Nor of the fact that, each morning, he had gone downstairs in his slippers to confer with Timotheitch; nor of the fact that, producing, with tremulous fingers, one ragged banknote after another, he had commissioned his henchman to make various purchases with special reference to the question of eatables (in particular, of a certain red wine which he had noticed the young men to like); no, of none of these facts did Vasili Ivanitch make any mention.
“The greatest thing in the world is one’s freedom,” he went on. “I, too, make it my rule. Never should one let oneself be hampered or——”
A sudden break occurred in his voice, and he made for the door.
“I promise you that we will return soon, my father. I give you my word of honour upon that.”
But Vasili Ivanitch did not look round—he just waved his hand and departed. Mounting to the bedroom, he found Arina asleep, so started to say his prayers in an undertone, for fear of awaking her. But at once she opened her eyes.

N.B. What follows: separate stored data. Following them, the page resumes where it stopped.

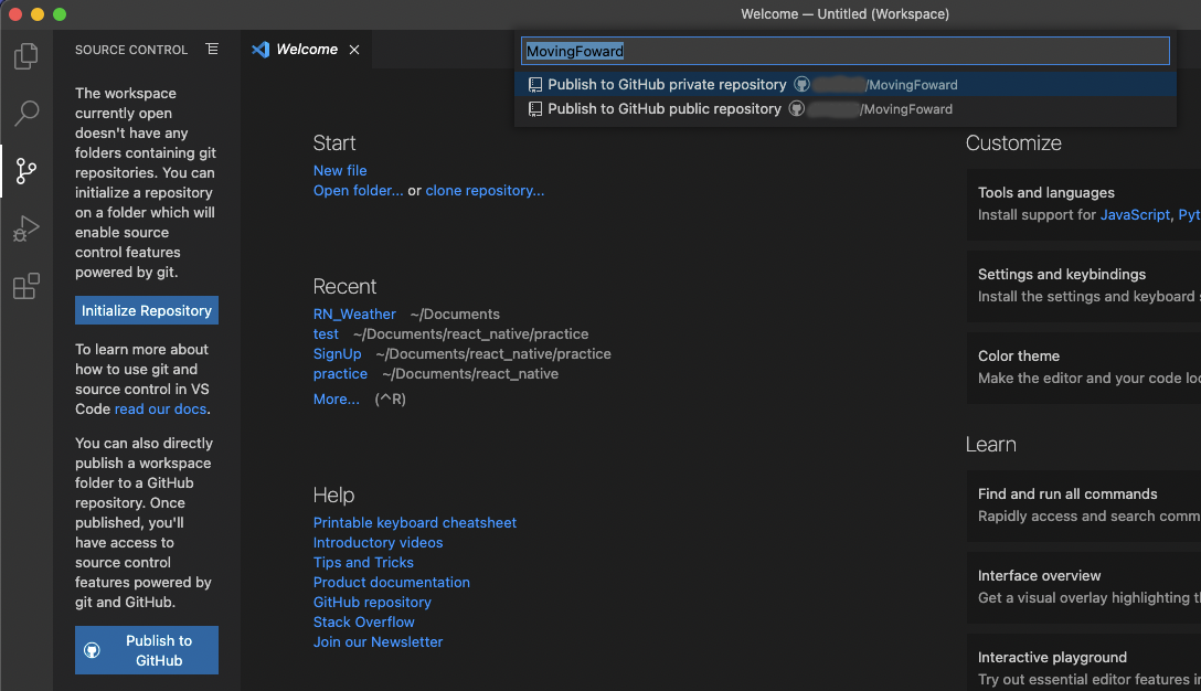 Publish to Github 아이콘을 선택하면 아래 이미지와 같은 화면이 나타나게 됩니다.
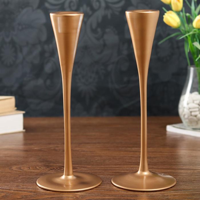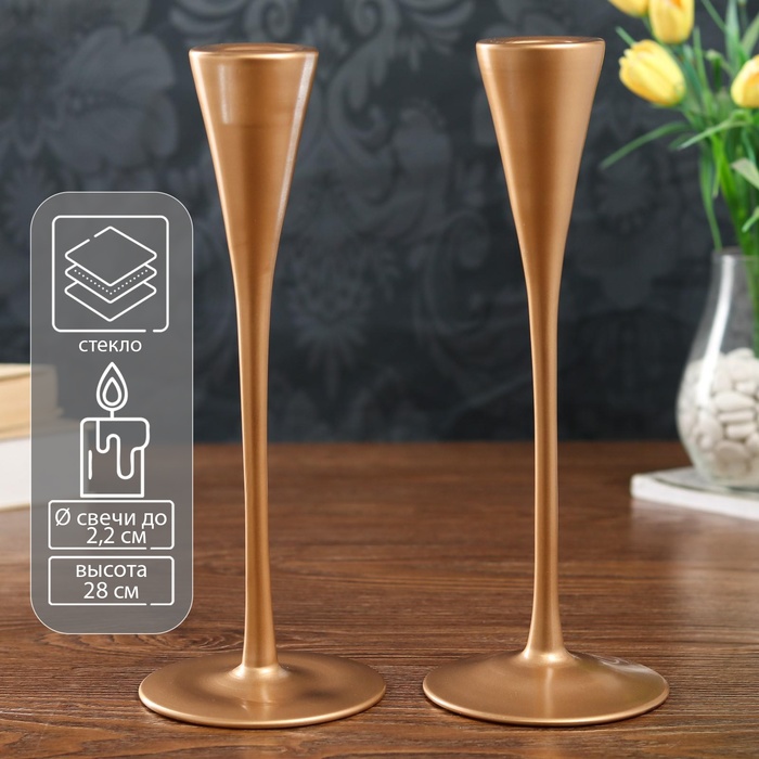 Стеклянный подсвечник на 1 свечу «Узкий бокал», набор 2 шт., золото матовое, 28×10.8×10.8 см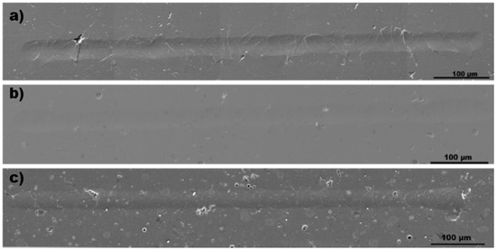 SEM images showing residual groove morphologies of (a) HA coating, (b) HA-1B coating, and (c) HA-2B coating at a normal load of 5.0 N.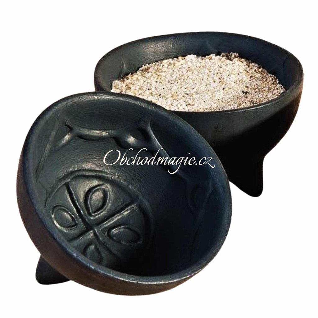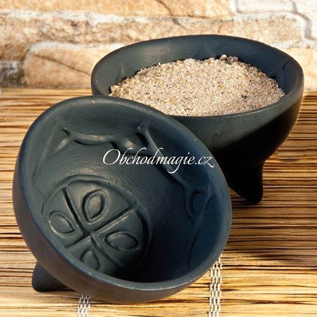 Každá miska je pečlivě tvarována, aby zachovala přírodní vzhled terakotové keramiky. Její dno je umně zdobeno mystickými přírodními symboly, které vás přivedou do spojení s prastarou energií přírody. Miska je umístěna na třech izolačních nožičkách, což nejen dodává eleganci, ale také chrání povrch pod ní.

“In that you, Vasili Ivanitch?” she asked.
“Yes, mother.”
“Have you just left Eniusha? Do you know, I am anxious about him. Does he sleep comfortably on the sofa? To-day I told Anfisushka to lay him out your travelling mattress and the new pillows. Also, I would have given him our feather bed had he not disliked soft lying.”
“Do not fret, mother dear. He is quite comfortable. ’Lord, pardon us sinners!’” And Vasili Ivanitch went on with his prayers. Yet his heart was full of an aching compassion for his old companion; nor did he want to tell her overnight of the sorrow which was awaiting her on the morrow.

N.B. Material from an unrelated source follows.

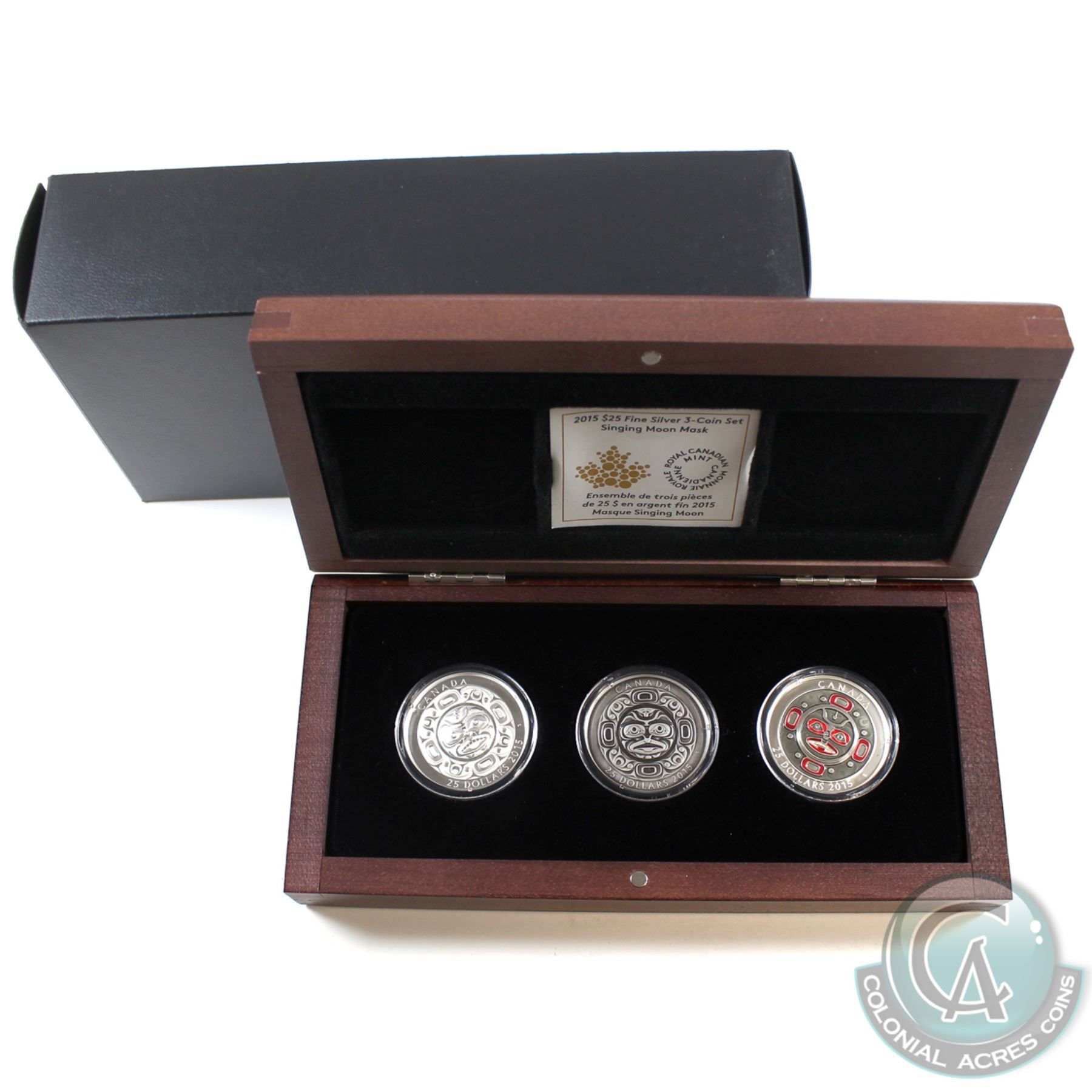 RCM Issue: 2015 Canada $25 Singing Moon Mask Fine Silver 3-coin Set (Tax Exempt).

Next day, therefore, Arkady and Bazarov departed. From earliest morn an air of woe pervaded the household. Anfisushka let fall some crockery, and Thedika’s perturbation ended in his taking off his shoes. As for Vasili Ivanitch, he fussed about, and made a brave show—he talked in loud tones, and stamped his feet upon the floor as he walked; but his face had suddenly fallen in, and his glance could not meet that of his son. Meanwhile Arina Vlasievna indulged in quiet weeping. Indeed, but for the fact that her husband had spent two hours that morning in comforting her, she would have broken down completely, and lost all self-control.
But at last, when, after reiterated promises to return within, at most, a month, Bazarov had freed himself from the arms which sought to detain him, and entered the tarantass; when the horses had started, and their collar-bow had begun to tinkle, and the wheels to revolve; when to gaze after the vehicle any longer had become useless, and the dust had subsided, and Timotheitch, bent and tottering, had crawled back into his pantry; when the old couple found themselves alone in a house which seemed suddenly to have grown as dishevelled and as decrepit as they—then, ah, then did Vasili Ivanitch desist from his brief show of waving his handkerchief in the verandah, and sink into a chair, and drop his head upon his breast.
“He has gone for ever, he has gone for ever,” he muttered. “He has gone because he found the life here tedious, and once more I am as lonely as the sand of the desert!”
These words he kept repeating again and again; and, each time that he did so, he raised his hand, and pointed into the distance.
But presently Arina Vlasievna approached him, and, pressing her grey head to his, said:
“Never mind, my Vasia. True, our son has broken away from us; he is like a falcon—he has flown hither, he has flown thither, as he willed: but you and I, like lichen in a hollow tree, are still side by side, we are not parted…. And ever I shall be the same to you, as you will be the same to me.”
Taking his hands from his face, Vasili Ivanitch embraced his old comrade, his wife, as never—no, not even during the days of his courtship—he had done before. And thus she comforted him.
[1]Alexander Vasilievitch Suvorov (1729-1800), the great Russian general who, after defeating Napoleon in Italy, crossed the Alps to join hands with Korsakov, but found the latter to have been routed by Massena.